Amoxicillin in pediatric practice – so, the obvious disadvantage of aminopenicillins is their complete vulnerability to any β-lactamases. Currently, aminopenicillins have lost their importance in the treatment of many infections, in particular, caused by staphylococci and bacteria of the intestinal family, due to the formation of resistance in pathogens, primarily as a result of the production of beta-lactamases, which leads to enzymatic inactivation of antibiotics. Also of fundamental importance for clinical practice is the increase in the proportion of β-lactamase-producing strains of Haemophilus influenzae in recent years.
Amoxicillin in pediatric practice
An effective method of overcoming bacterial resistance caused by the production of β-lactamases is the use of a combination of antibiotics with β-lactamase inhibitors — salts of clavulanic acid, sulbactam, tazobactam, etc. Inhibitors by chemical structure are also beta-lactams, which do not have their own antimicrobial activity (or have limited activity), but neutralize bacterial enzymes by “self-sacrifice”, thus protecting the antibiotic from hydrolysis. The use of a combination of penicillins or cephalosporins with an inhibitor leads to the restoration of antibiotic activity against many strains of bacteria with secondary resistance due to the production of β-lactamases: methicillin-sensitive staphylococci, H. influenzae, Moraxella (M.) catarrhalis, many intestinal bacteria, etc. But, in addition, the combination of amoxicillin with clavulanic acid has activity against a number of gram-negative microorganisms with natural resistance to aminopenicillins (due to stable production of β-lactamases): Klebsiella spp., Bacteroides spp. and some others. Both components of Co-amoxiclave create high concentrations in many organs and tissues where the bactericidal effect of the drug is realized.

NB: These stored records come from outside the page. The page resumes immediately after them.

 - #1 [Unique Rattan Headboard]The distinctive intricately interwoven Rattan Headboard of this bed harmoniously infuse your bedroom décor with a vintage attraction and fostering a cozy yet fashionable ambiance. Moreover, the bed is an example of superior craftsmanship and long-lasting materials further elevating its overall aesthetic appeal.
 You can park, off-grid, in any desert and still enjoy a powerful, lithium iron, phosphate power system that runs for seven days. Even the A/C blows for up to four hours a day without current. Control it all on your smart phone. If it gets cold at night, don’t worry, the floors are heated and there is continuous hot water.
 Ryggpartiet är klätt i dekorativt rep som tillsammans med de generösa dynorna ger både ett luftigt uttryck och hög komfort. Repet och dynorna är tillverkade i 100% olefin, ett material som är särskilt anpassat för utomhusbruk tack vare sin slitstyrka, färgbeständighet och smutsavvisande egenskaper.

Due to the steady increase in the number of resistant strains of bacterial pathogens, the structure of prescribed antibiotics has been changing in recent years. A pharmacoepidemiological study conducted in the USA is indicative, in which the use of antibiotics in outpatient settings for respiratory infections in 1995-1996 and 2005-2006 was compared. The total number of prescriptions of antibacterial drugs has decreased over 10 years, which is obviously due to the introduction of universal vaccination against pneumococcal infection for young children. In particular, the frequency of penicillin prescribing as a whole decreased by 31%.

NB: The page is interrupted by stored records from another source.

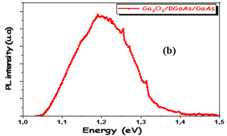 Moreover, they are materials of choice for the development of lasers or detectors operating in the telecommunication domain at wavelengths of 1.3μm [13]. In this context, our mastered heterostructure is based on the III-V semiconductors Ga2O3/ BGaAs/GaAs. The latter generates a new structure applicable in optoelectronics emitting in the 1.3-1.55 micrometer range [12]. The choice of GaAs as substrate due to its high carrier confinement in the active region, its infrared emission and its low cost [14]. The introduction of Boron in GaAs has allowed to decrease the emission energy compared to GaAs and reach the wavelength 1.33 micrometer [15]. Indeed, it acts on the state of strain but it is limited by the incorporation of boron we cannot reach concentrations < 8% this is accompanied by the presence of energy levels in the band gap generally related to boron aggregates (clusters) [16,17]. The advantage of adding Ga2O3 is that it broadens the emission range since it emits in the UV range and is a transparent conductive material [18]. From an energy point of view, these materials have a different energy diagram. In fact,these three semiconductors are distinguished by their band gaps which are 1.42 eV for GaAs, 1.34 eV for BGaAs and 4.6_ 4.9 eV for Ga2O3 [19,20]. In this heterostructure we find energy levels below the BC of BGaAs. Gallium oxide also has deeper energy levels in its optical gap at energies of 2.4, 2.75, 3 and 3.15 eV [21]. These different gap energies make a richness for us in terms of optoelectronic applications.
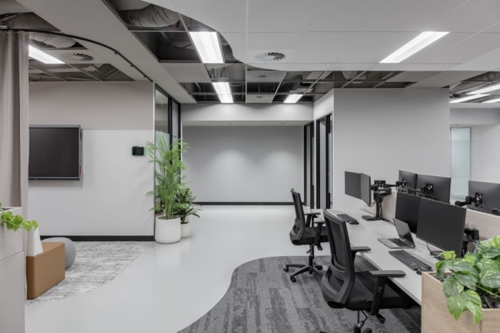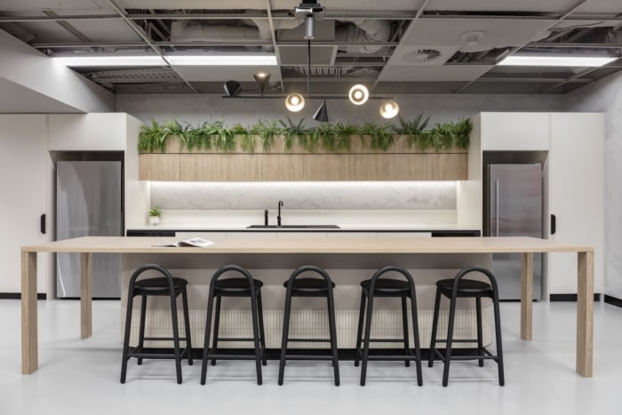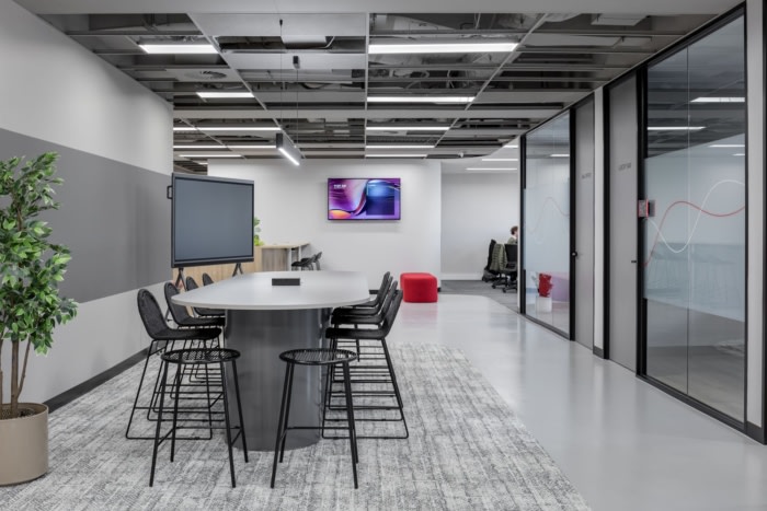 办公室的整个布局旨在促进协作、灵活性和创新。从休息区开始,这个多功能区变成了一个公共市政厅环境。该空间鼓励公开讨论,并支持全公司范围的会议,所有员工都可以聚集在一起,集思广益和放松。#公司办公室装修设计#
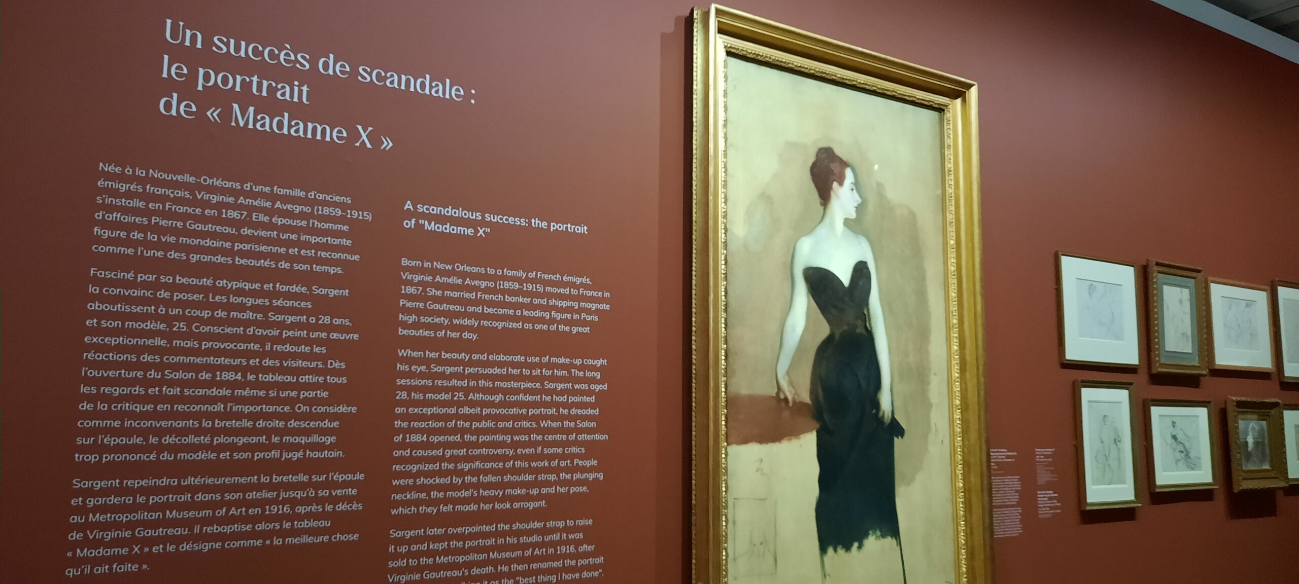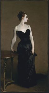 Wanneer je bekendste werk een schandaal verwekt, is dat alleen maar goed voor je bekendheid en soms ook voor de business, zal je maar denken. Sargent is 28 jaar wanneer hij zijn meesterwerk Madame X schildert. Rond 1880 ontmoet hij de Amerikaanse Virginie Amélie Avegno Gautreau, die al sinds haar acht jaar in Parijs woont. Madame is beroemd omwille van haar ‘beauté’ en haar prachtige toiletten. Sargent wil haar maar al te graag portretteren, maar zij hapt niet meteen toe. Uiteindelijk krijgt hij haar fiat. Het portret van meer dan twee meter hoog en ruime één meter breed, waarop de dame in een elegante zwarte jurk met afhangend schouderbandje en een uitdagend decolleté staat afgebeeld, is een absolute blikvanger op de Salon van 1884. Een Amerikaanse dame op die manier geportretteerd in Parijs, is niet meteen ‘bon ton’ voor de moraliteit. Andere minder positieve opmerkingen over het schilderij gonzen door de lucht. Ze draagt geen enkel juweel omheen de te blote hals; haar scherpe neus en dito profiel; ze ziet er lijkbleek uit, precies een kadaver; haar ene arm ziet er verwrongen uit; haar jurk lijkt wel af te glijden…en dit alles in weinig eufemistische bewoordingen. Maar iedereen is er nieuwsgierig naar. De meningen zijn verdeeld. Wanneer ik voor het schilderij sta, probeer ik al die negatieve bewoordingen op het schilderij te projecteren, maar de moraliteitsnormen zijn in 2025 wel even anders. Veel vrouwen trekken er in 1884 de neus voor op, terwijl de stijl sommige heren wel kan bekoren. De dame in kwestie komt in gezelschap van ‘maman’ naar zijn atelier, de een in tranen, de andere scheldend dat de reputatie van haar dochter nu wel om zeep is. ‘Ik heb haar geschilderd, zoals ze was toen ze poseerde,’ verdedigt de kunstenaar zich. Na het schandaal rond Madame X vertrekt Sargent in 1884 naar Engeland. Iets waar zijn goede vriend en schrijver Henry James zelfs al eerder had op aangedrongen. Daar kijkt men eerst wel enigszins wantrouwig naar iemand die zoveel beroering heeft veroorzaakt in Parijs. Het lieflijke olieverfschilderij op doek Carnation, Lily, Lily, Rose waarbij twee in het wit geklede kindjes van een van zijn vrienden papieren lantaarns aansteken, strijken de plooien glad. Niets belet nog zijn succes in Engeland om royaal van zijn penseel te leven. Hij verzilvert een lidmaatschap van de Royal Academy. Sargent houdt het beruchte schilderij, dat zoveel heisa veroorzaakte in Parijs, jarenlang bij zich en schildert de schouderriem weer op zijn juiste plaats. Uiteindelijk verkoopt hij, na de dood van de dame in kwestie, het doek in 1916 aan het Metropolitan Museum of Art museum in New York. Hij maakt het portret anoniemer door als ondertitel de naam Madame X te gebruiken.

But if amoxicillin was prescribed significantly less often (by 33%), then Co-amoxiclav — a little more often (by 14%). In France, amoxicillin/clavulanate was prescribed in children’s emergency departments in 2005-2009 in 50% of the total number of cases of antibiotic prescribing for respiratory infection. Analysis of data on the use of antibiotics in outpatient settings in 33 European countries showed that over 13 years (1997-2009), the frequency of Co-amoxiclave use in most countries increased — on average by more than 2 times. Pharmacoepidemiological studies conducted in recent years in Canada also indicate an increase in the use of inhibitor-protected penicillins, primarily Co-amoxiclav.